I disagree that weeks owners, all of almost half a million will disappear. We will be around, maybe not just trading through Marriott. Amongst ourselves, we'll figure it out.


BTW, this may be hard to believe from a Marriott owner, but the TS world is much bigger than Marriott. Much bigger...Marriott is a good network, but shutting others out will only be a disadvantage to Marriott owners.


----------



## rpgriego (Jun 30, 2013)

SkyBlueWaters said:


> BTW, this may be hard to believe from a Marriott owner, but the TS world is much bigger than Marriott. Much bigger...Marriott is a good network, but shutting others out will only be a disadvantage to Marriott owners.



"shutting others out"???


----------



## GregT (Jun 30, 2013)

SkyBlueWaters said:


> BTW, this may be hard to believe from a Marriott owner, but the TS world is much bigger than Marriott. Much bigger...Marriott is a good network, but shutting others out will only be a disadvantage to Marriott owners.





rpgriego said:


> "shutting others out"???



I think SkyBlue is only stating that there are other attractive timeshare systems out there, and Marriott owners may not consider them if they are overly devoted to Marriott.  

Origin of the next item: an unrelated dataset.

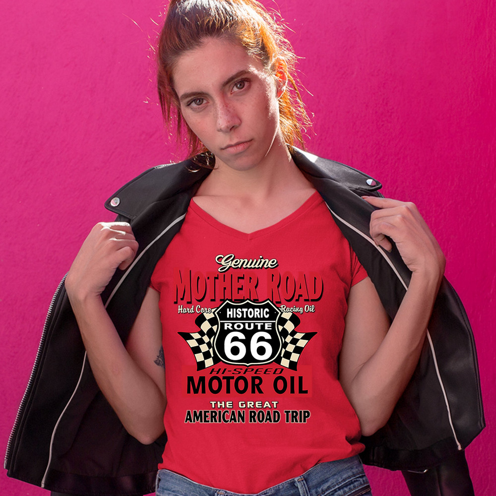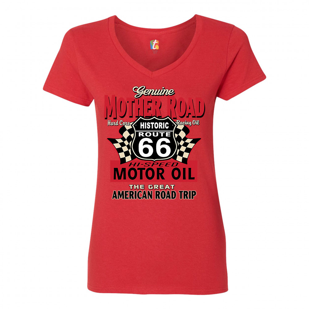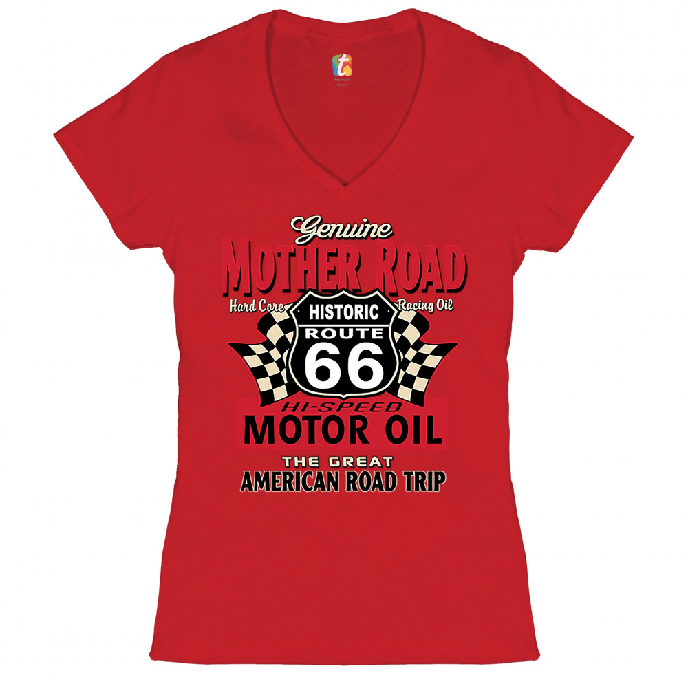 GENUINE MOTHER ROAD HISTORIC ROUTE 66 women's v-neck t-shirt road trip tee red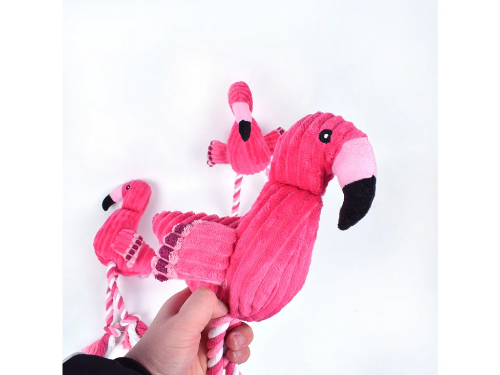 Vďaka svojmu nápadnému sfarbeniu priláka plameniak vzápätí pozornosť Vášho psíka a stane sa z neho kamarát na hranie. Vnútri sa ukrýva pískatko, ktoré po stlačení náležite pískne a podporuje psíka v hraní sa. Nohy tvorené lanami vyzývajú na hryzenie a ťahanie. Túto hračku môžete prípadne využiť aj ako aport. Tak svojmu miláčikovi poskytnete dlhú, rôznorodú zábavu!

Personally, I only owned Marriott (and Worldmark) prior to June 20, 2010, and have purchased Starwood and HGVC subsequent to that date.  I would not have purchased either of them, except for my own personal perception of the shortcomings of the new Marriott system.      While I like many things about the Marriott system, I am very very happy with the purchase of both systems and my expansion beyond Marriott -- they are great complements to the Marriott ownership.  

Best,

Greg


----------



## rpgriego (Jul 1, 2013)

GregT said:


> I think SkyBlue is only stating that there are other attractive timeshare systems out there, and Marriott owners may not consider them if they are overly devoted to Marriott.
> 
> Personally, I only owned Marriott (and Worldmark) prior to June 20, 2010, and have purchased Starwood and HGVC subsequent to that date.  I would not have purchased either of them, except for my own personal perception of the shortcomings of the new Marriott system.      While I like many things about the Marriott system, I am very very happy with the purchase of both systems and my expansion beyond Marriott -- they are great complements to the Marriott ownership.
> 
> ...



Totally see your POV. But, my question remains unanswered.

BTW...
Their is NO BETTER timeshare than HGVC's NY Hilton property. Spent five nights with my all my buds there and EACH OF US LOVED IT! That has yet to happen at a Marriott VC or Four Seasons RClub. 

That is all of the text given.